The trade deadline has now past, what little dust was kicked into the air has now settled, and we have officially entered the stretch run of the regular season. With fewer than 20 games remaining for the majority of the teams, fewer than 10 points separate the sixth-place Chicago Blackhawks and the 13th-seeded Anaheim Ducks in the Western Conference. No team is really out of the Eastern Conference, officially anyway, as the last-place Montreal Canadiens are only 10 points back of the eighth-place Winnipeg Jets. The Washington Capitals are in danger of missing the playoffs for the first time since 2007 and the Toronto Maple Leafs are doing their best to enter the postseason for the first time since 2004.
But perhaps one of the more intriguing races to watch in the final quater of the season is the battle between three Atlantic Division teams, the New Jersey Devils, Pittsburgh Penguins and Philadelphia Flyers, for the fourth, fifth and sixth seeds in the East. Entering Monday night’s games, the Penguins occupy the fourth spot with 77 points, two more than the Flyers and three over the Devils. Neither team can be counted out to win the division, but barring a major collapse from the New York Rangers in the final month, they should remain safely on top. The Ottawa Senators are also tied with the Devils in points, but that three rivals are so close in the standing and flip slop in the standings seemingly after every game will make the remainder of the season very exciting for the fans of those teams.
The remainder of the schedule makes for a close finish.
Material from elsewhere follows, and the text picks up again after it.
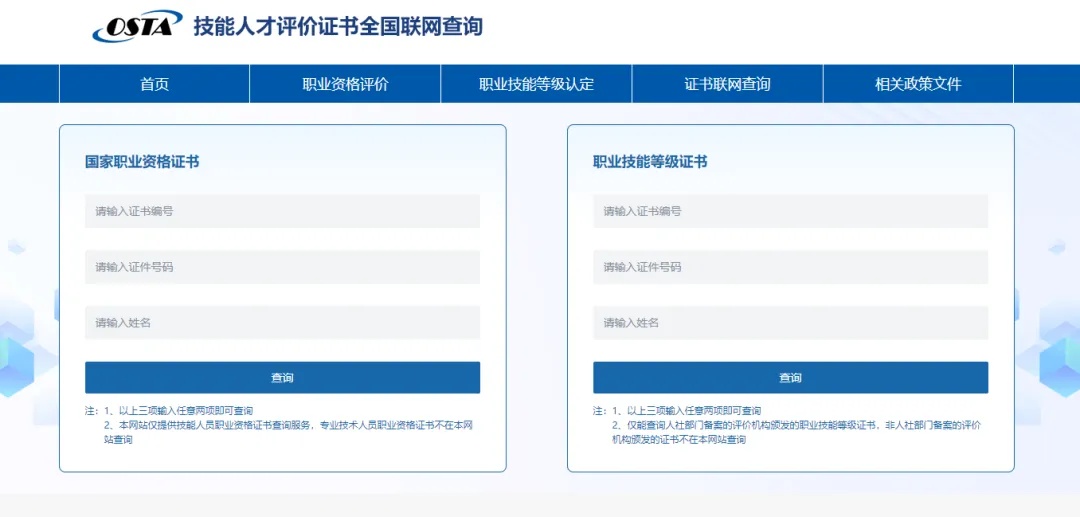 技能人才評(píng)價(jià)證書全國聯(lián)網(wǎng)查詢 http://zscx.osta.org.cn/

The Devils will play the Flyers and Penguins twice each, with one game at home and one on the road against both. The two Pennsylvania teams have three remaining however, two of which will be played in Pittsburgh including the tilt on the final day of the regular season. The Devils and Penguins are currently playing well, each have 6-3-1 records in their past 10 games, but the Flyers have been struggling with porous defense and inconsistent goaltending and are only 4-5-1 in that span. The Ottawa Senators may be tied with the Devils, but the fact those three teams have such a disdain for each other will keep fans interested in that storyline.
While all three teams are going to do their best to secure the fourth seed and claim home-ice advantage for the first round of the playoffs, it may just be the team that finishes sixth that has the advantage. That team will face the winner of the Southeast Division that, whether it be the Florida Panthers or Washington Capitals, will have earned fewer points in the standings by season’s end and will only hold home-ice advantage by virtue of winning the division. The Capitals struggle in the playoff in the best of years and the Panthers haven’t won a playoff game since 1997, so that series shouldn’t prove to be too difficult.
Meanwhile the first round will be a battle between the teams that get the fourth and fifth seeds. Two rivals going at it in the first round is likely to take a major toll, leaving whichever team that is able to scrape by tired and beat up headed into the second round. Familiarity breeds contempt and not only are these teams close in proximity to one-another, fewer than 400 miles separate the three teams, but they have seen a lot of each other in the playoffs since 2000. The Devils and Penguins have faced off once, in the 2003 Eastern Conference final, but the Flyers have played the Penguins and Devils three times each in that span.
Regardless of which team finishes finishes in each position, the first round is going to be a battle between the fourth and fifth seeds. This is one race where the team that finishes lowest just may come out to be the winner, not only avoiding going through a rival in the first round, but facing a team that may just make the playoffs by default.